[Start of Attachment]

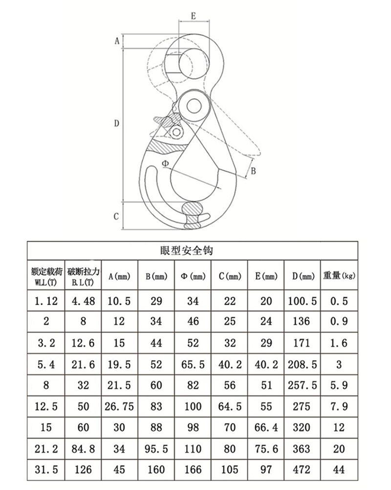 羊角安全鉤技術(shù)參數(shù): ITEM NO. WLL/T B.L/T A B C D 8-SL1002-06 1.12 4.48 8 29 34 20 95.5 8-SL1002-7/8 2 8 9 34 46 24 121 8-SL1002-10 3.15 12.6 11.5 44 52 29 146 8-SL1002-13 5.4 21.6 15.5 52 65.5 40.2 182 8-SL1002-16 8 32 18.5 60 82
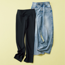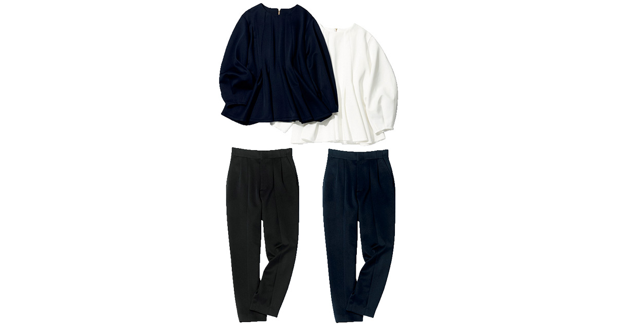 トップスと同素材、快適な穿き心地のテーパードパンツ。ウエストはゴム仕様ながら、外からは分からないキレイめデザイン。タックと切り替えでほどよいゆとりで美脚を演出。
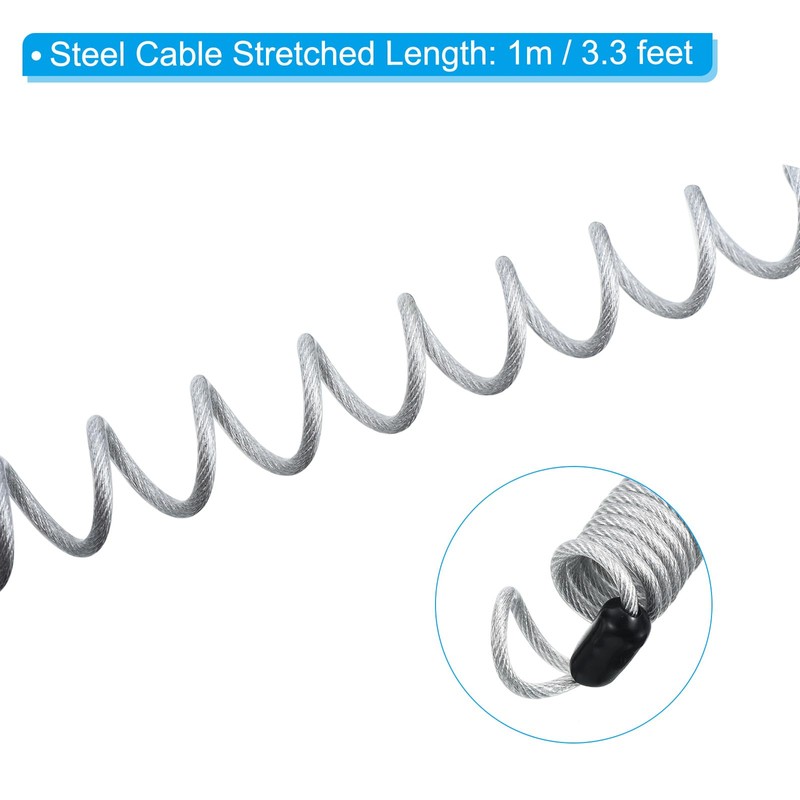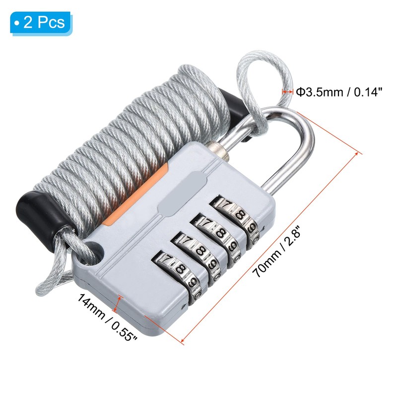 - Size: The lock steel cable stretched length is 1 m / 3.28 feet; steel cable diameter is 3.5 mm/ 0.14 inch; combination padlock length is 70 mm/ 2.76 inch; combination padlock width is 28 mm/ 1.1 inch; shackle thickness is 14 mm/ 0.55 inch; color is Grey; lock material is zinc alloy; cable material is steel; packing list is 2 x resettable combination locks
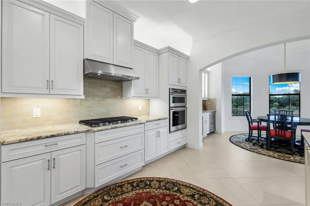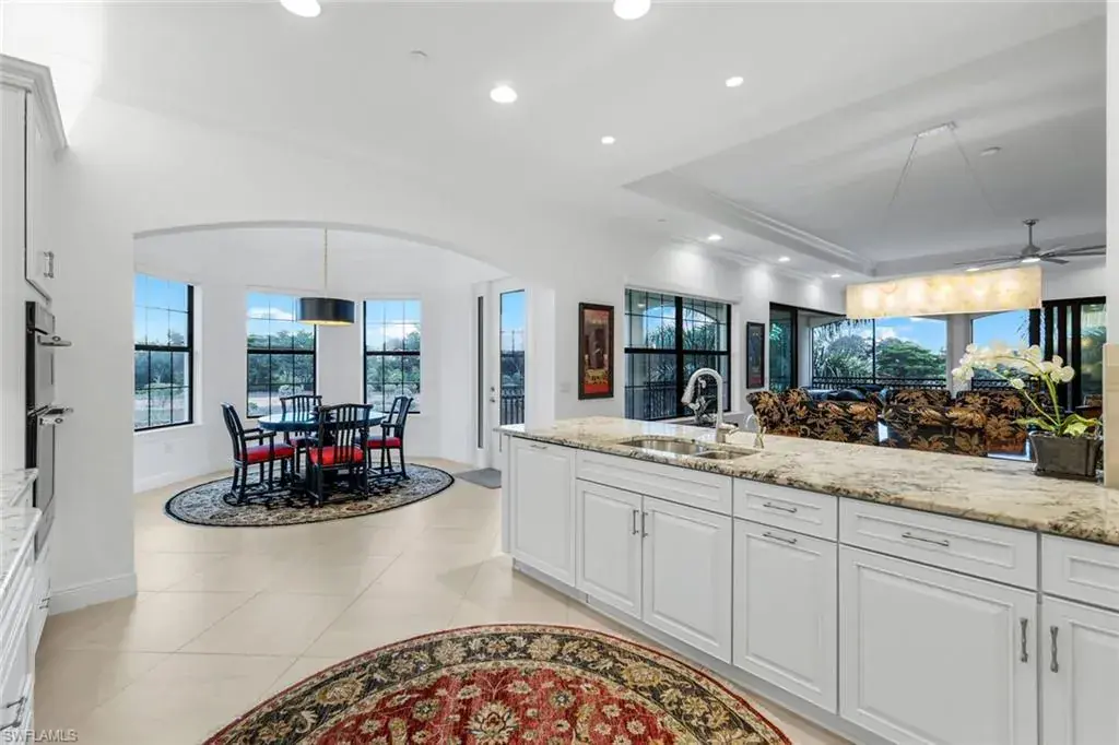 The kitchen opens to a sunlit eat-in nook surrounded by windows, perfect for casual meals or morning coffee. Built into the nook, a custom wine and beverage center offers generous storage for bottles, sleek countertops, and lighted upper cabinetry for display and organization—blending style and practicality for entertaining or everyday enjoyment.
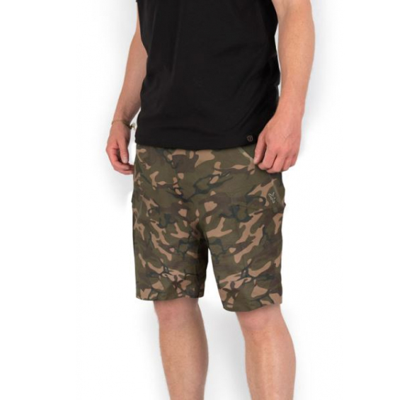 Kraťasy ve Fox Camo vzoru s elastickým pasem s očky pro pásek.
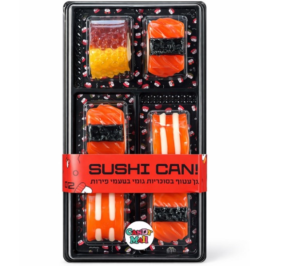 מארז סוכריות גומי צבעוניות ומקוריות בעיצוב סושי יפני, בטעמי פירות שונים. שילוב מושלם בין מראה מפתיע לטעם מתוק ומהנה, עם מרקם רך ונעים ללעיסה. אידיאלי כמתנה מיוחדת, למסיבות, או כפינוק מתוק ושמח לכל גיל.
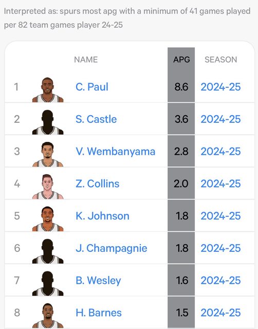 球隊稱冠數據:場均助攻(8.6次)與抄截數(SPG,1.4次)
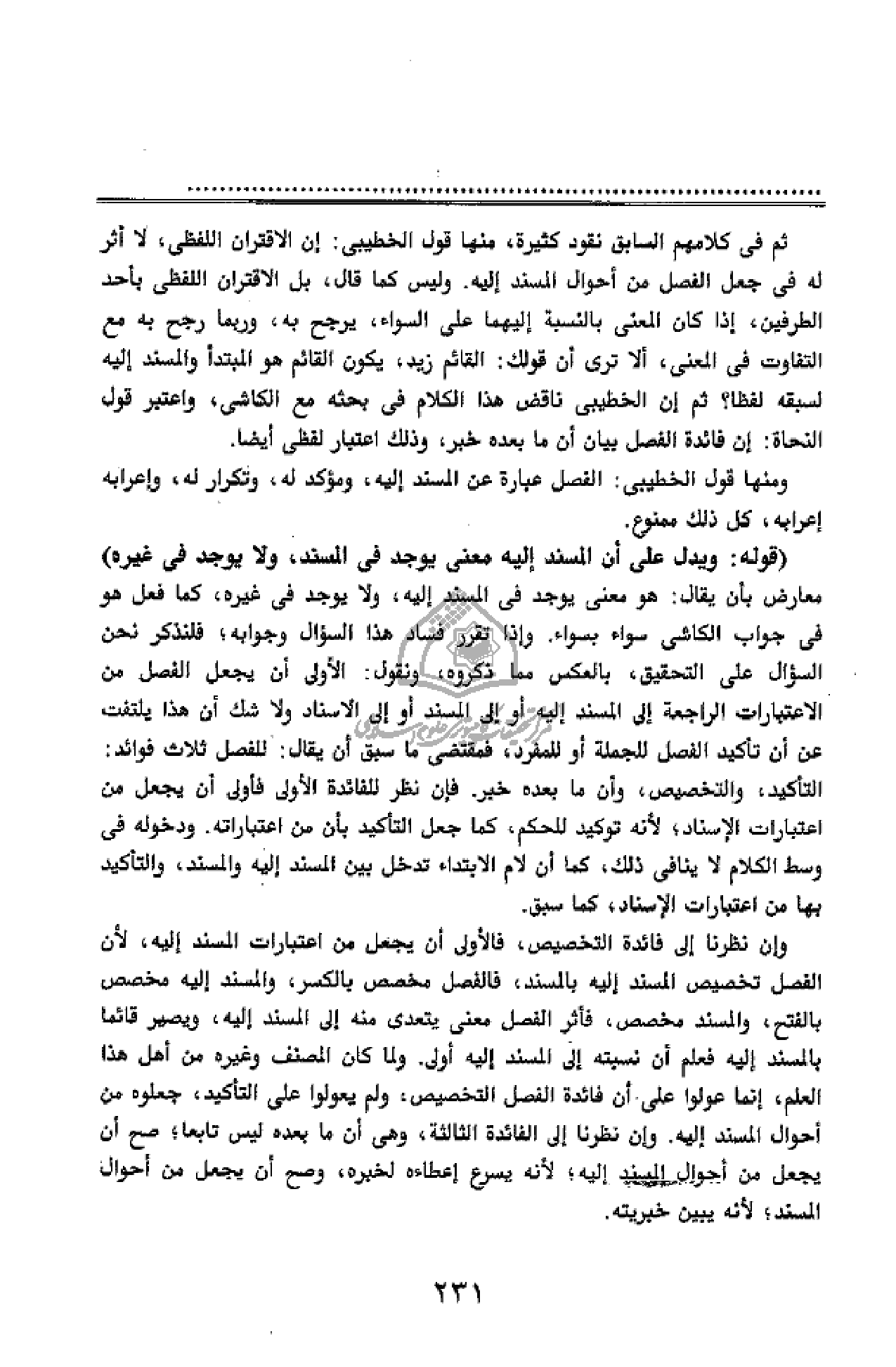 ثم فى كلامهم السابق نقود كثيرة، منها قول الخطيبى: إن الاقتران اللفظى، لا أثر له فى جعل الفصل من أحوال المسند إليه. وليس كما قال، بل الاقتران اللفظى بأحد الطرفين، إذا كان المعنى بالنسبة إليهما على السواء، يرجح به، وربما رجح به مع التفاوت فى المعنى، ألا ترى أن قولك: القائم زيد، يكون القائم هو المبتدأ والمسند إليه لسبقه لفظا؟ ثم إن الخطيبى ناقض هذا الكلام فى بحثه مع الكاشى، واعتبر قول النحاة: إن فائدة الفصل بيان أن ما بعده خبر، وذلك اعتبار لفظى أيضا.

[End of Attachment]

● Problem details:
All the data above is to be transcribed exactly, with no pictures included.

● Your solution:
 羊角安全鉤技術(shù)參數(shù): ITEM NO. WLL/T B.L/T A B C D 8-SL1002-06 1.12 4.48 8 29 34 20 95.5 8-SL1002-7/8 2 8 9 34 46 24 121 8-SL1002-10 3.15 12.6 11.5 44 52 29 146 8-SL1002-13 5.4 21.6 15.5 52 65.5 40.2 182 8-SL1002-16 8 32 18.5 60 82
 トップスと同素材、快適な穿き心地のテーパードパンツ。ウエストはゴム仕様ながら、外からは分からないキレイめデザイン。タックと切り替えでほどよいゆとりで美脚を演出。
 - Size: The lock steel cable stretched length is 1 m / 3.28 feet; steel cable diameter is 3.5 mm/ 0.14 inch; combination padlock length is 70 mm/ 2.76 inch; combination padlock width is 28 mm/ 1.1 inch; shackle thickness is 14 mm/ 0.55 inch; color is Grey; lock material is zinc alloy; cable material is steel; packing list is 2 x resettable combination locks
 The kitchen opens to a sunlit eat-in nook surrounded by windows, perfect for casual meals or morning coffee. Built into the nook, a custom wine and beverage center offers generous storage for bottles, sleek countertops, and lighted upper cabinetry for display and organization—blending style and practicality for entertaining or everyday enjoyment.
 Kraťasy ve Fox Camo vzoru s elastickým pasem s očky pro pásek.
 מארז סוכריות גומי צבעוניות ומקוריות בעיצוב סושי יפני, בטעמי פירות שונים. שילוב מושלם בין מראה מפתיע לטעם מתוק ומהנה, עם מרקם רך ונעים ללעיסה. אידיאלי כמתנה מיוחדת, למסיבות, או כפינוק מתוק ושמח לכל גיל.
 球隊稱冠數據:場均助攻(8.6次)與抄截數(SPG,1.4次)
 ثم فى كلامهم السابق نقود كثيرة، منها قول الخطيبى: إن الاقتران اللفظى، لا أثر له فى جعل الفصل من أحوال المسند إليه. وليس كما قال، بل الاقتران اللفظى بأحد الطرفين، إذا كان المعنى بالنسبة إليهما على السواء، يرجح به، وربما رجح به مع التفاوت فى المعنى، ألا ترى أن قولك: القائم زيد، يكون القائم هو المبتدأ والمسند إليه لسبقه لفظا؟ ثم إن الخطيبى ناقض هذا الكلام فى بحثه مع الكاشى، واعتبر قول النحاة: إن فائدة الفصل بيان أن ما بعده خبر، وذلك اعتبار لفظى أيضا.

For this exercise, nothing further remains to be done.